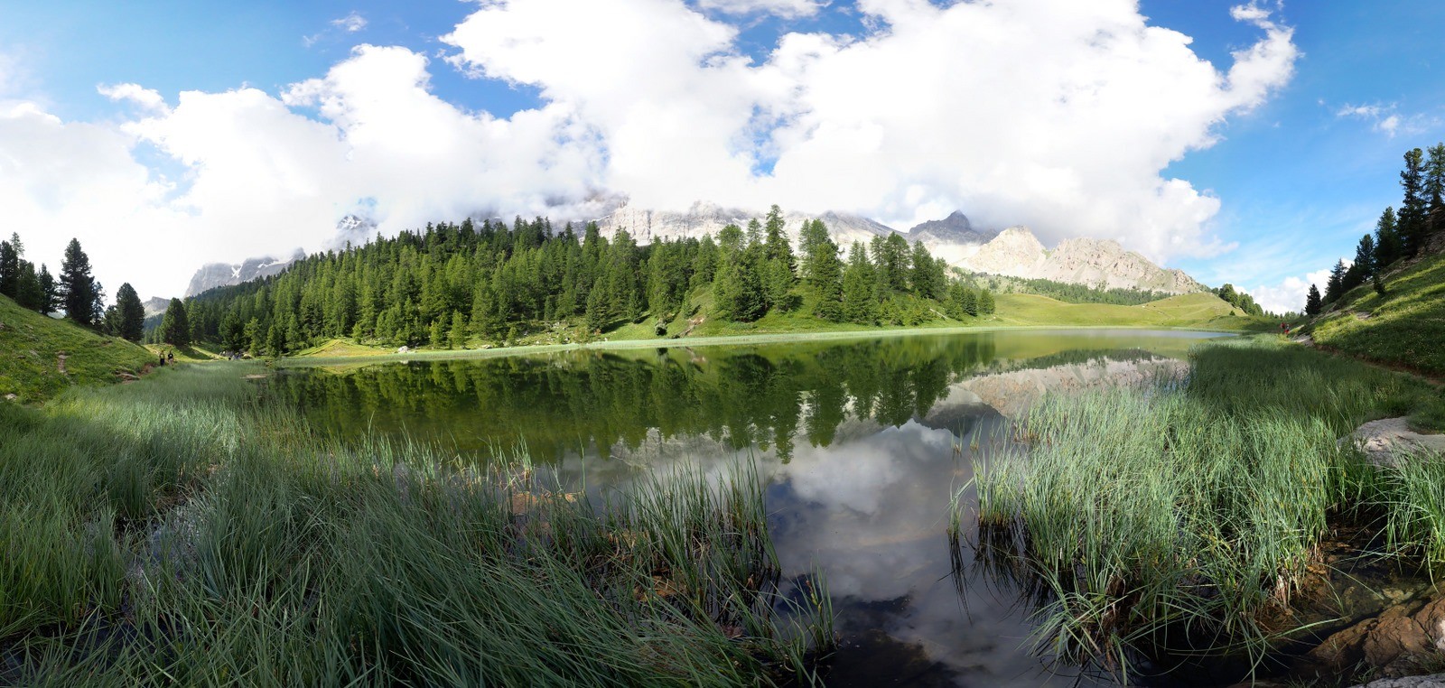 depuis le Pied du Mélezet, 1680 m > GR 5, GRP Tour de la Font Sancte, jusqu'à sa traversée du Ruisseau de la Pisse > sente non balisée du Pas du Curé, et effectuer la boucle pour rendre visite au Pin Cembro remarquable > suivre au mieux, pratiquement à niveau, la courbe de niveau 2400 m jusqu'à la petite dépression du Lac des Rouites > en faire presque le tour > poursuivre par les ondulations Est pour la vue qu'elles offrent sur le probable glacier fossile des Rouites, en rejoindre l'ancienne moraine rive droite pour la vue sur le vieux mélézin de la combe qui suit > descente abrupte sur le Lac Miroir parmi les rhododendrons (ou rester plus à gauche dans une plus faible pente !) > pour tenter une liaison plus sauvage, rallier les abords du Lac Ste-Anne en passant par son Collet ce qui rend sa découverte un peu plus spectaculaire > puis suivre et traverser au mieux jusqu'à rejoindre le GR 5 par lequel on arrive au Col Girardin, 2699 m (et sa Tête, 2875 m, par sa crête Ouest, si affinités !) > retour par le GR, puis hors sentier pour terminer le tour du Lac (mais attention, en début de saison, le lac est tellement plein que son sentier côtier en tirets noirs sur l'IGN est sous l'eau, la traversée à mi-pente n'est pas des plus facile et quelque peu exposée par endroit !) > après la Chapelle Ste-Anne, descendre sur le parking du Fond de Chaurionde par le sentier balisé ou emprunter le raccourci de la piste de ski qui, au prix d'une plus forte pente, économise un bon km et fait passer par une bien belle cascade.
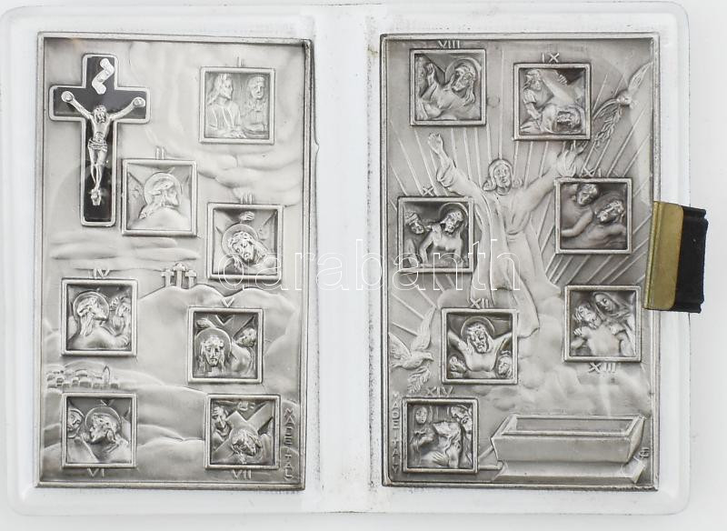 Beschreibung: Olasz kegytárgy, kétrészes dombornyomott fémlemez a 14 stációval és feszülettel, tokban
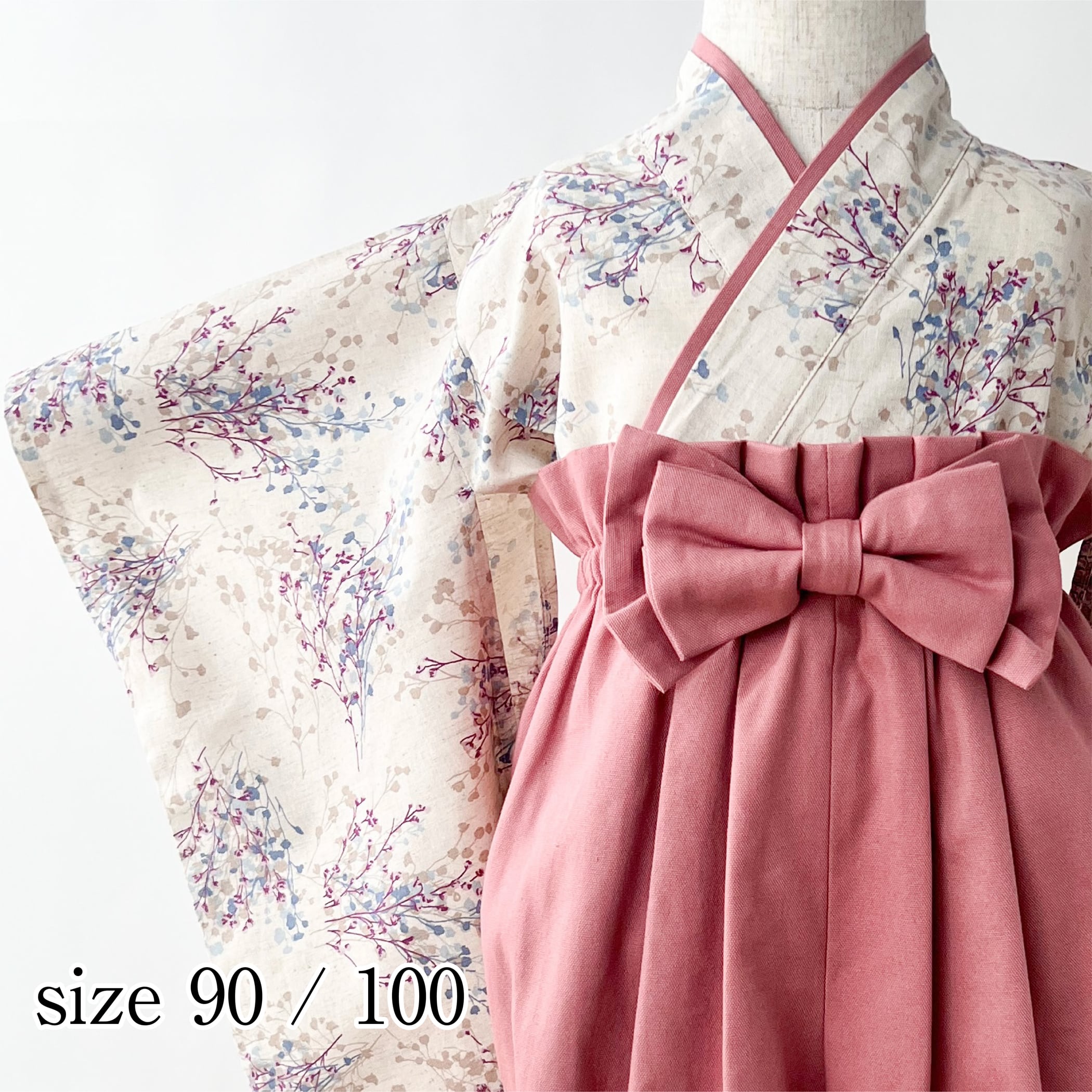 ベビー袴 かすみ草キナリ×ローズピンク 90/100
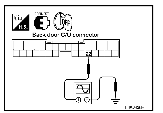 2. While fully opening and closing the back door, check voltage between back door control unit connector B55 terminal 22 and ground.
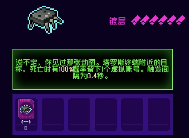 3.行走芯片:塔罗斯终端附近有怪死亡时,最高100%概率留下一个虚拟账号,触发间隔最低0.4秒
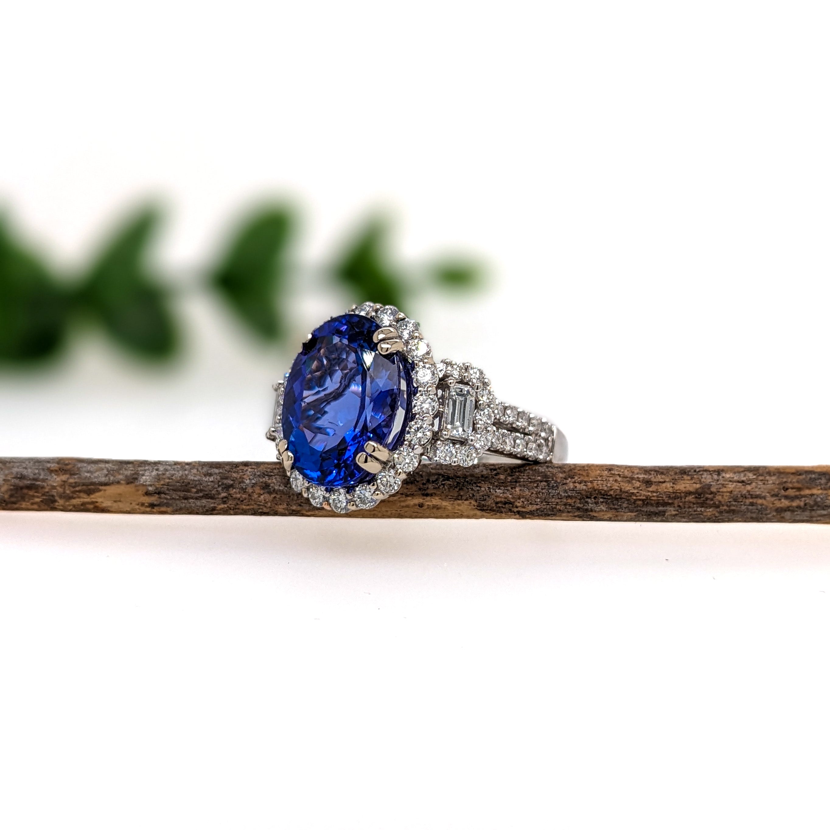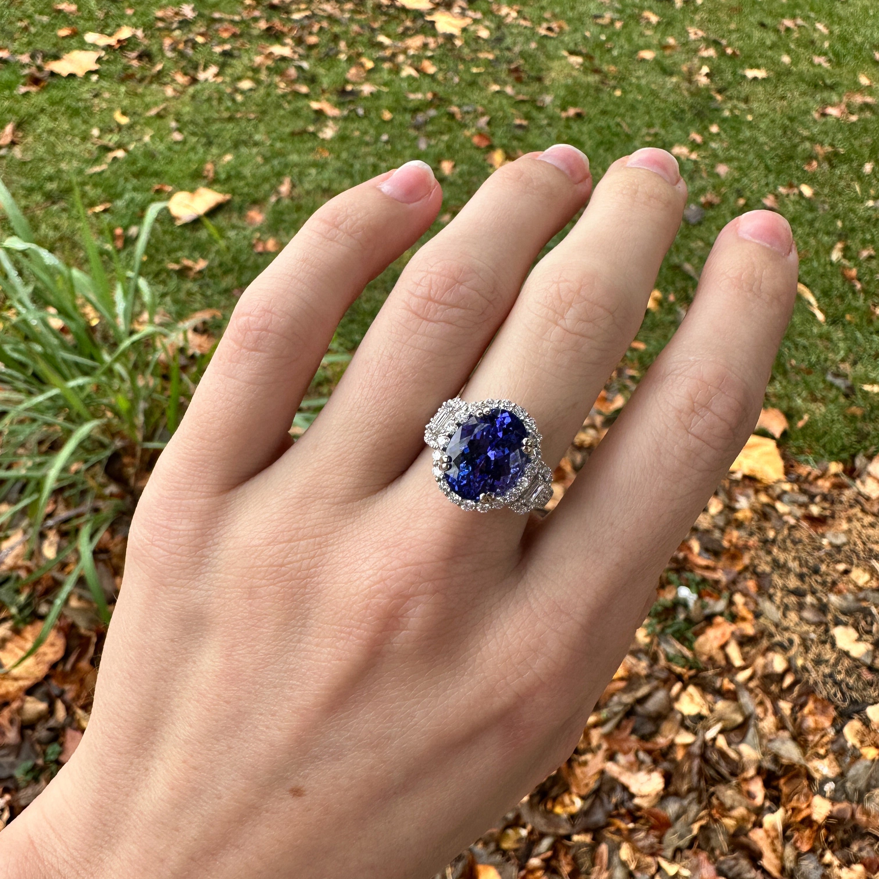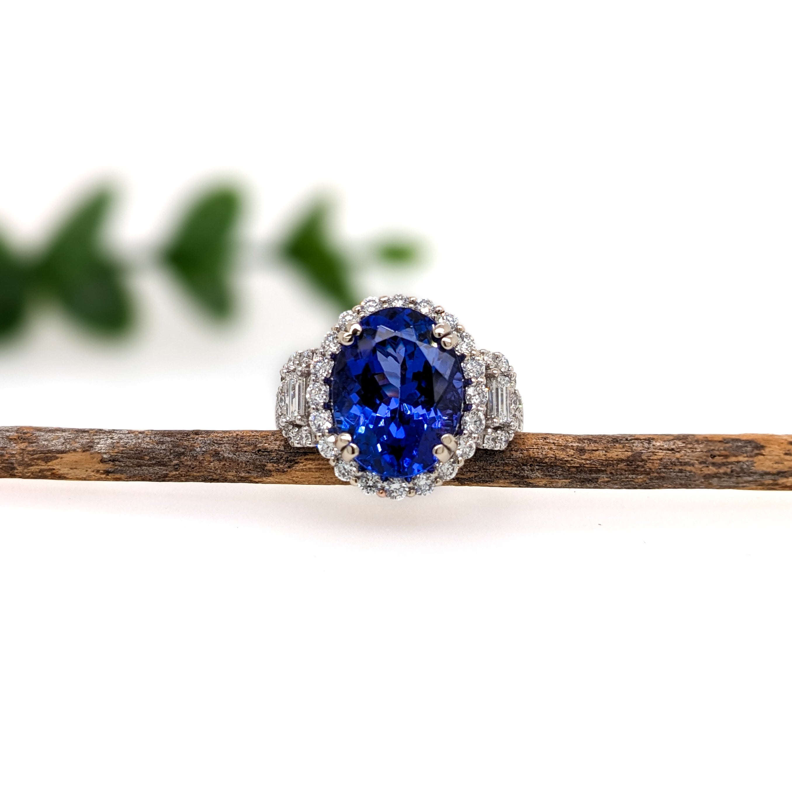 5.7ct Tanzanite Ring w Earth Mined Diamonds in 14K Solid Gold | Oval 13x10mm
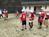 最初に跳び方のモデルとして高学年の代表が跳んでみせたチームもありました。みんな...
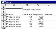 Trebuie precizat ca textele pe care le-ati introdus in coloana A au ramas inregistrate in intregime in celulele coloanei A si sunt trunchiate doar afisarile lor deoarece depasesc latimea coloanei. Pentru a va convinge de acest lucru, pozitionati cursorul pe una din celulele din domeniul A5:A9 si observati in linia de introducere textul in intregime. Pentru ca textele sa fie afisate complet in tabel, trebuie sa mariti latimea coloanei.
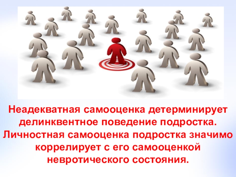 Слайд 34Неадекватная самооценка детерминирует делинквентное поведение подростка. Личностная самооценка подростка значимо коррелирует
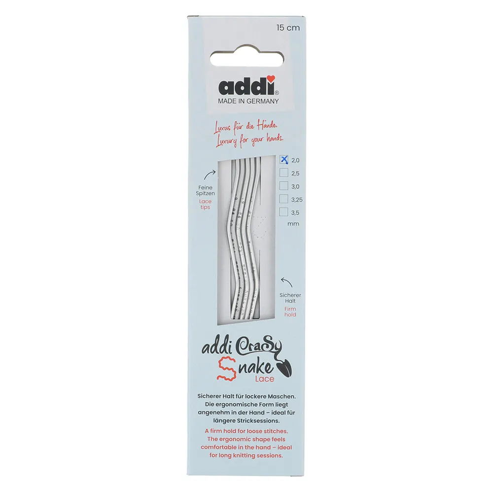 Die CrasySnake Strumpfstricknadeln von Addi sind aus Aluminium gefertigt. Das macht die Nadeln leicht und widerstandsfähig. Die spezielle, gewellte Form sorgt für ein angenehmes Strickerlebnis, egal ob Sie Socken oder feine Zopfmuster stricken. Die Form sorgt auch dafür, dass Sie Kontrolle über die Nadeln haben und die Maschen nicht von den Nadeln rutschen. Dies ist besonders für beginnende Strickbegeisterte oder Strickerinnen mit lockerer Fadenspannung nützlich. Die Nadelstärke ist auf jeder Nadel deutlich angegeben. De Addi CrasySnake Strumpfstricknadeln sind 15cm lang und in den Nadelstärken 2.00, 2.50, 3.00, 3.25 und 3.50mm erhältlich. Ein Set/Nadelspiel besteht aus 5 Strumpfstricknadeln.
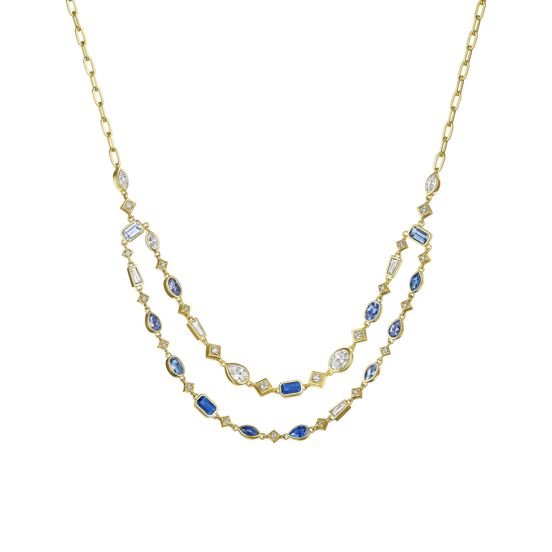 This dramatic necklace evokes the joy of a night under the stars, featuring 2.13 ct of diamonds and 3.24 ct of moonstone, tanzanite, and blue sapphire.
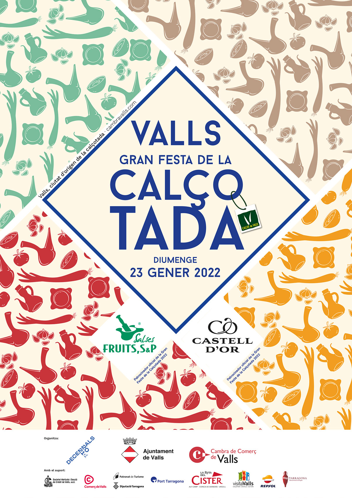 La edición de la Gran Fiesta de la Calçotada de Valls 2022 se celebrará una semana antes de lo habitual, el 23 de enero. Un año más, Salses Fruits S&P sigue siendo el patrocinador oficial, y este año, comparte patrocinio con Castell d'Or. Dos empresas del territorio que apoyan la manifestación gastronómica más importante y popular de Cataluña.
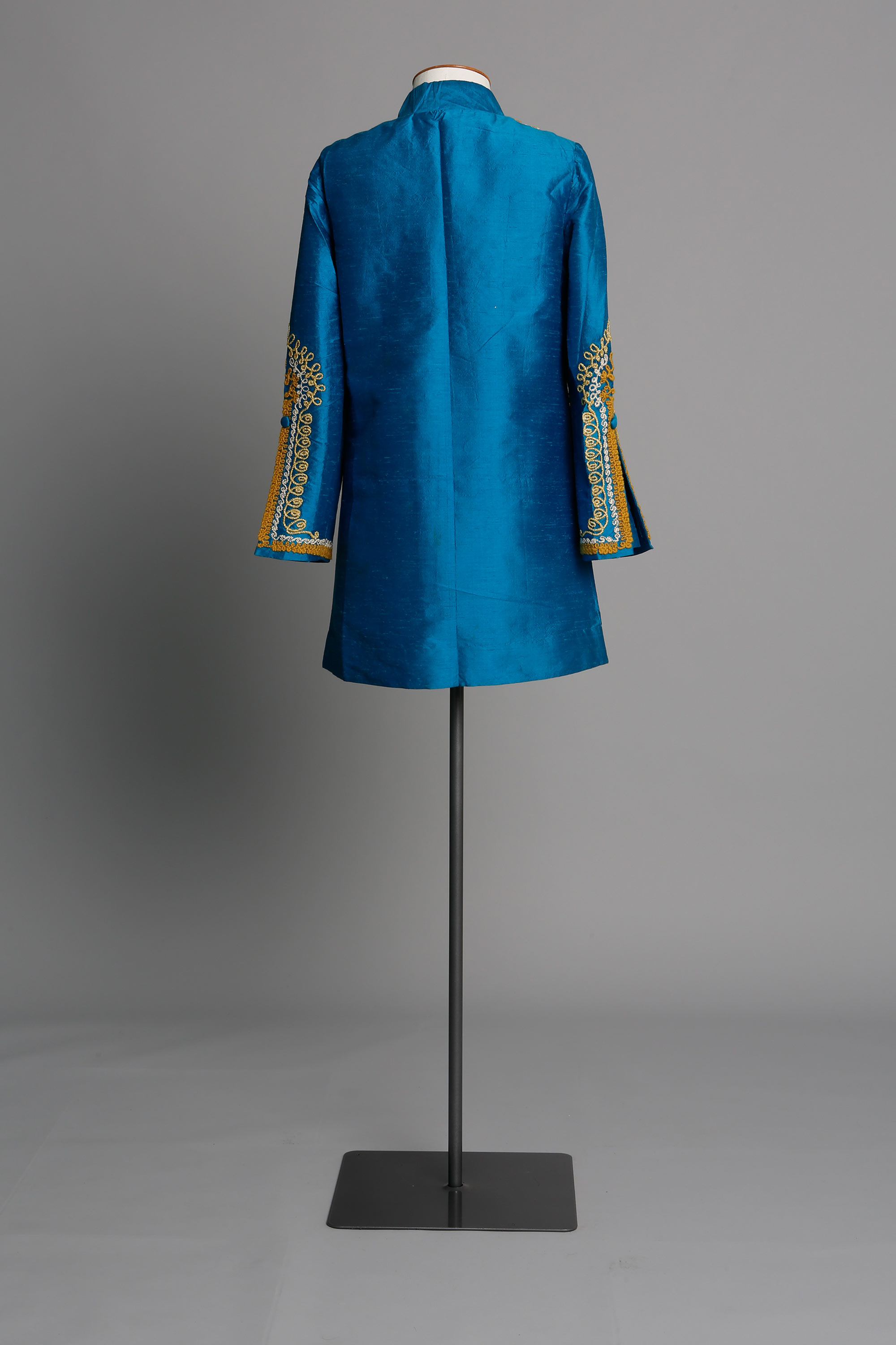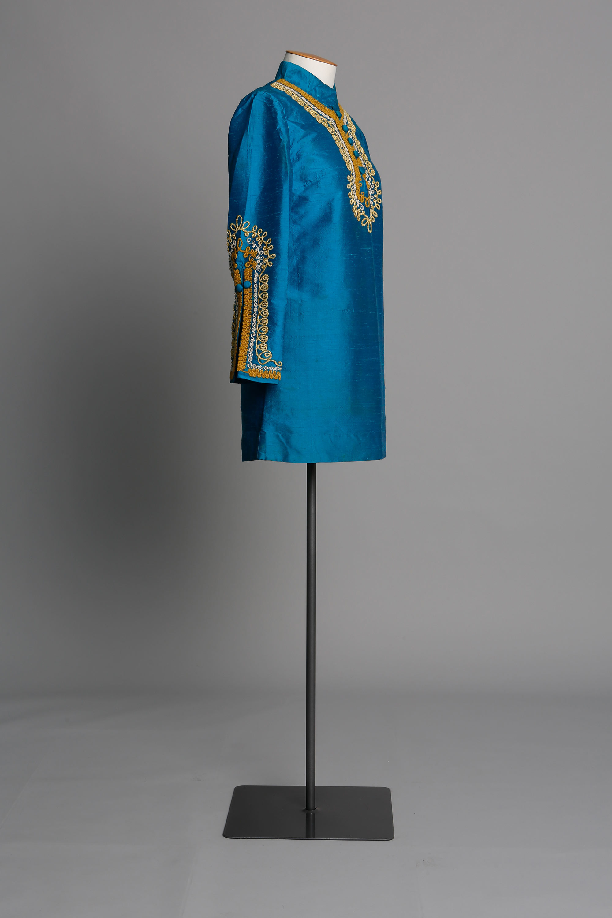 Blue fabric; gold, white and mustard cord

-*-*-

> **What is being asked**
Please reproduce, exactly and only, the lines from the line containing "This dramatic necklace" through the last line of the material above, minus any pictures.

> **Exercise response**
 This dramatic necklace evokes the joy of a night under the stars, featuring 2.13 ct of diamonds and 3.24 ct of moonstone, tanzanite, and blue sapphire.
 La edición de la Gran Fiesta de la Calçotada de Valls 2022 se celebrará una semana antes de lo habitual, el 23 de enero. Un año más, Salses Fruits S&P sigue siendo el patrocinador oficial, y este año, comparte patrocinio con Castell d'Or. Dos empresas del territorio que apoyan la manifestación gastronómica más importante y popular de Cataluña.
 Blue fabric; gold, white and mustard cord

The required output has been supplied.